Химик, что скажете? Тьфу на вас, какие коммунисты-активисты? Крепко же мы в вас эту псевдопатриотическую заразу вбили, как зуб коренной сидит, хрен вытащишь, м-да… Как всегда, безнадежен…
Ну ладно, химик – он химик и есть, но не у всех же так все запущено. Кто еще выскажется?
Есть, есть еще светлые флотские головы! Блестящая интуиция, заменяющая собой логику. Нутром чуют, хоть умом и не блещут. Вижу, всегда по жизни бежали с членом наперевес. Это, прошу заметить, комплиментарное заявление с моей стороны.
Да, да! ИНСТРУКТОРАМИ ЦК БЫЛИ ЖЕНЩИНЫ! И какие!
Не эти тощие, несуразные, плоские, голенастые топ-модели на худеньких ножках, с выпирающими ребрами и острыми коленками, с плоской грудью, а вернее, с одними сосками – грудью это не назовешь, язык не поворачивается. Они нравятся только извращенцам, которые их на кастингах и отбирают, чтоб нас, мужиков, от их вида тошнило. Тьфу! Вот-вот, вобл каких-то за красавиц выдать пытаются. Разделяю общее возмущение. Но позвольте продолжить.
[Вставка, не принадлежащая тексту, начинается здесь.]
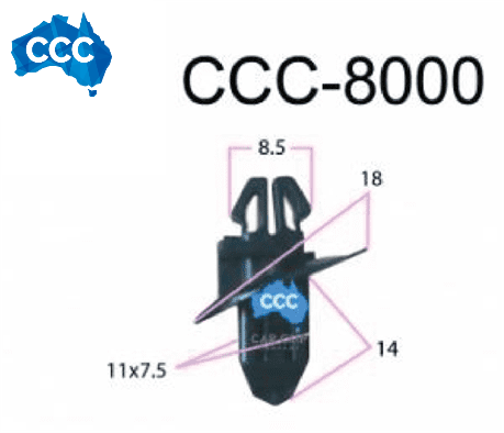 Car Clip Company car clips and Automotive Clips for a Toyota Black Body Flare Clips 25pcs CCS-8000 Clip Company manufactures high quality car clips and automotive clips, rivets car clips, scrivets car clips, fasteners, panel clips, Grommet screws, exterior moulding clips, door trim clips, Christmas tree clips. For fast Australia wide delivery phone 0499 001004.

Так вот, на борту «Крепчагинца» были только первые красавицы. Так сказать, отборный генофонд страны.
Январь-март взяла на себя кареглазая и пышная Украина, апрель-июнь – рыжеволосая и веснушчатая, стройная Прибалтика, июль-сентябрь – жгучечерная и волоокая Молдавия, октябрь-декабрь – беспардонно раскованная и ненасытная в постели Белоруссия…
А мулатки… О, эти мулатки…Впрочем, извините, затравился, свое вспомнил. Не было там ни мулаток, ни негритянок. Негритянок тогда вообще мало в стране было, не то что сейчас, когда в телевизор ткнешь, а тебе негритянка про погоду на севере нашей страны вещает, переключишь канал – там другая поет, третья пляшет. К этому мы потом вернемся. Продолжим.
Там, на «Крепчагинце», был настоящий, прекрасный, экзотический, сразу воспринимаемый и вожделенный интернационал, нерушимая дружба народов, скрепляемая, как правило, беременностью.
Рыбаки наслаждались жизнью. Некоторые не хотели возвращаться на родные сейнеры и траулеры, пытаясь продлить праздник и прячась в многочисленных «шхерах». Их отлавливал комсомольский патруль и сдавал с рук на руки озлобленным капитанам судов. Говорят, что боцманы матросов даже били, приговаривая: «Водку пьете и трахаетесь как взрослые, а работаете как дети, у-у-у, комсомол!»
Руководство «Тралфлота» и «Рыбхолодфлота», или как они там назывались, обеспокоилось падением улова и категорически протестовало против захода «Крепчагинца» в места промысла. Капитанам была дана команда досрочно прекращать лов и бежать в другие районы, лишь только «б… корыто» появится на горизонте или экране радара.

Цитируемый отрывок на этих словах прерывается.